STENA Line’s announcement that it was suspending ferry services between Trelleborg and Sassnitz on April 8 due to coronavirus travel restrictions was a blow for Swedish private rail operator Snälltåget.
The operator uses the ferry for its seasonal overnight train service from Malmö to Berlin and had already suspended operation until June 15 following the Swedish state department’s recommendations against all international travel. The operator planned to offer a daily service from June 22 and was eagerly awaiting an announcement from the Swedish government at the end of May of what it might, or might not, be able to offer and from when.
Speaking to IRJ, Mr Marco Andersson, Snälltåget’s marketing manager, said the operator was carrying just 15% of its usual passengers at the end of April but was still operating around 30% of its usual traffic, a level which will not sustain the business.
“It is possible to survive with some reductions, but we need to return to about 75% of our operation to be profitable again.”Mr Marco Andersson, Snälltåget’s marketing manager
Owned by Transdev, Snälltåget operated its first train between Malmö and Stockholm way back in 2007. It has since grown to offer two trains per day between the cities as well as a winter service to Åre, and a thrice-weekly overnight service to Berlin, which launched in 2012. Indeed, Snälltåget is the only operator to offer overnight services between Sweden and continental Europe.

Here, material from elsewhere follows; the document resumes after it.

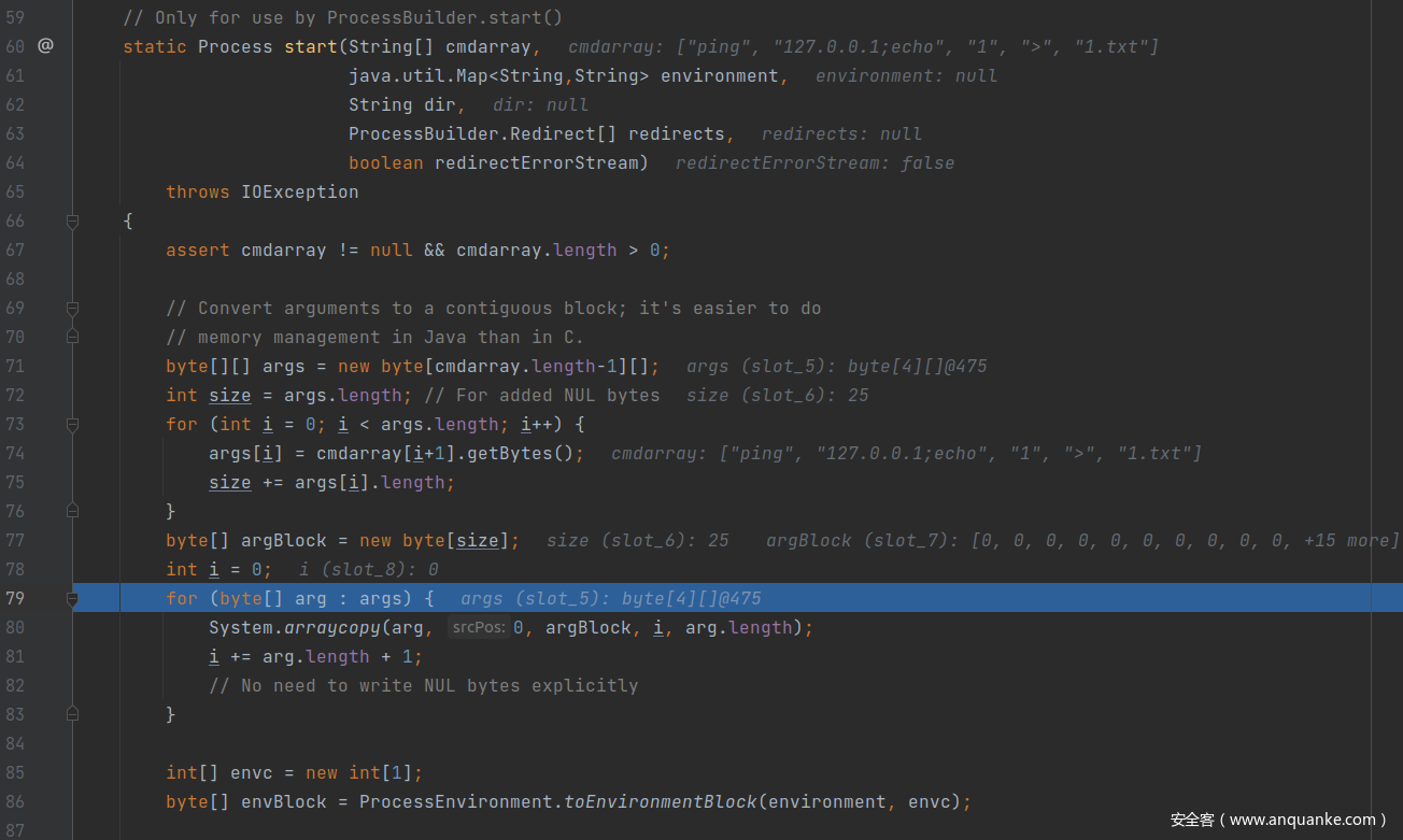 在 ProcessImpl.start 中 将 cmdarry 第一个参数 (cmdarry[0]) 当作要执行的命令,把后面的部分 (cmdarry[1:]) 作为命令执行的参数转换成 byte 数组 argBlock。

“It is possible to survive with some reductions, but we need to return to about 75% of our operation to be profitable again,” Andersson says. “We don’t know when that is going to be possible and that is the big question that everyone is seeking the answer to.”
Before the crisis hit, the future was looking positive for Snälltåget. The operator invested in 10 former Nightliner couchette coaches in 2019 to facilitate the Malmö - Berlin service increase. The coaches have six berths per compartment and capacity for 60 passengers.
The operator was also reporting a steady increase in ridership on its domestic trains as more Swedes sought alternatives to flying. Andersson reports that Snälltåget had sold out many of its trains and was looking forward to a busy summer season.
Covid-19 is a major shock, but Andersson says the operator is staying optimistic. Snälltåget is targeting the resumption of its Malmo - Stockholm - Jämtand mountain area night trains on two days a week from July 29 until September 27, potentially carrying passengers going on domestic holidays.
In addition, while legacy equipment used to operate the Malmo - Berlin service was limited to only the Trelleborg - Sassnitz crossing, the operator is exploring how it might use the new equipment on the ferry from Trelleborg to Rostock, or via the Öresund rail link to Denmark.
Whatever the operator is able to offer, capacity is very likely to be restricted by social distancing measures. Already a significant proportion of the seats on the trains which continue to run are blocked off, limiting the number of people able to ride.
“It will make everything more complicated,” Andersson says. “If we need to keep social distancing for a long time, then maybe the ridership will increase but we will still need to get paid for the empty seats in some way. It will be very hard to make a profit based on these conditions.”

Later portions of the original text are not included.